This morning while obsessively trolling MLBTraderumors, I stumbled across a piece of new pertaining to the perpetual heart-breaker known as the Chicago Cubs: they are currently working with Ryan Kalish, who they signed in December to a minor-league contract.
Kalish, who is had the same type of neck surgery Peyton Manning had, was non-tendered by the Red Sox at only 25 years of age. Theo Epstein, who was familiar with Kalish due to his time as the Savior of Boston, picked him up and is now enjoying the strides in Kalish’s recovery. However, with Kalish’s emergence, the Cubs now find themselves with potentially an extra outfielder who is a bit too costly for them in the form of Nate Schierholtz.
Sep 14, 2013; Pittsburgh, PA, USA; Chicago Cubs right fielder Nate Schierholtz (19) hits an RBI double against the Pittsburgh Pirates during the first inning at PNC Park. Mandatory Credit: Charles LeClaire-USA TODAY Sports
As Epstein and GM Jed Hoyer have displayed in recent seasons, they are always looking to shed salary and get younger, and that’s where the Kalish-Schierholtz situation arises. Schierholtz is 30 years old and making $5 million this season, which is the fifth-most on the roster in 2014, and he has Ryan Sweeney, Justin Ruggiano, Brett Jackson and Junior Lake competing for an outfield spot (in addition to non-roster invitees Kalish, Chris Coghlan, and Emilio Bonifacio). This creates a scenario where trading Schierholtz is completely reasonable for both Chicago and Detroit.
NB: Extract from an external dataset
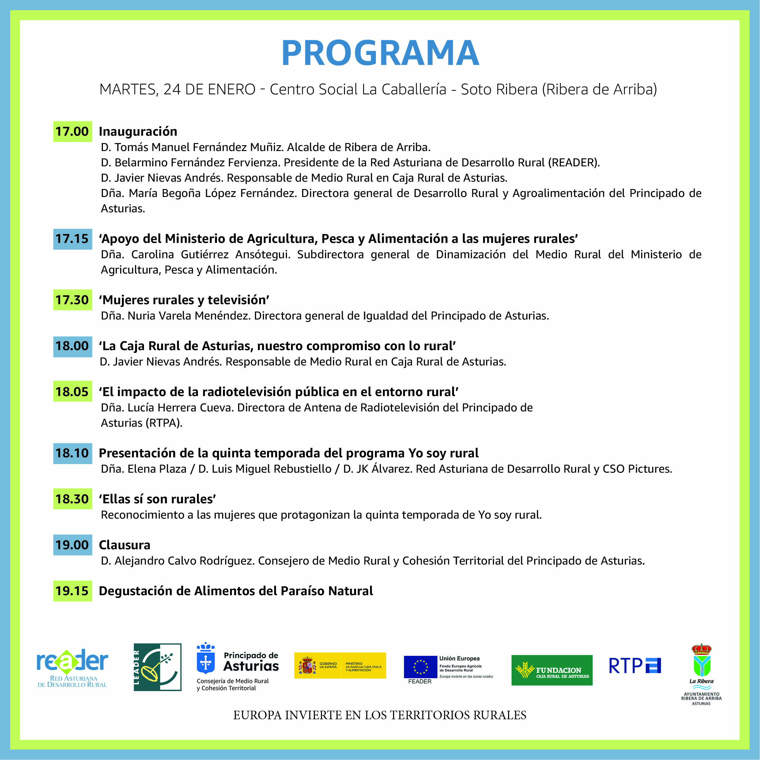 El próximo martes 24 de enero la Red Asturiana de Desarrollo Rural (READER) presenta la quinta temporada del programa de televisión Yo soy rural en el Centro Social La Caballería, en Soto de Ribera (Ribera de Arriba). El primero de los once programas se emitirá el miércoles 25 en la Televisión del Principado de Asturias (TPA), a las 22.30 horas.

We’ve discussed almost ad nauseam how the Tigers should approach the loss of Andy Dirks, but this new situation presents an opportunity for the Tigers that is low-cost, low-risk, and has a commitment for only this season. In terms of 2014 payroll, Schierholtz would be the 11th-highest paid Tiger, making the same amount as potential platoon-mate Rajai Davis. So far, so good.
In terms of the skill set he brings to the table, it’s almost perfect: Schierholtz is a good-not-great left-handed bat who brings defensive talent to the corner outfield positions.
Offensively, Schierholtz has shown flashes of power throughout his career as a part-time player and it culminated last season in Chicago in an ISO of .219 and 21 dongs in 503 at bats. His walk rate ebbs and flow as well: in 2012 he showed patience with an 8.6 rate, but 2013 saw him drop to 5.8. His career rate is 6.0, but it seems like 2013 might be more of a fluke now that he’s seen repetition in his career. His wRC+ was 106, which is above average, and he shows a speed score of 4.4 or above when he plays over 100 games (similar to Dirks’ rating), and against righties last year he batted .260 (.170 against LH). Lastly, the dude’s been able to hit doubles at a consistent rate throughout his career, averaging 26 over a 162-game schedule. Still looking good, eh?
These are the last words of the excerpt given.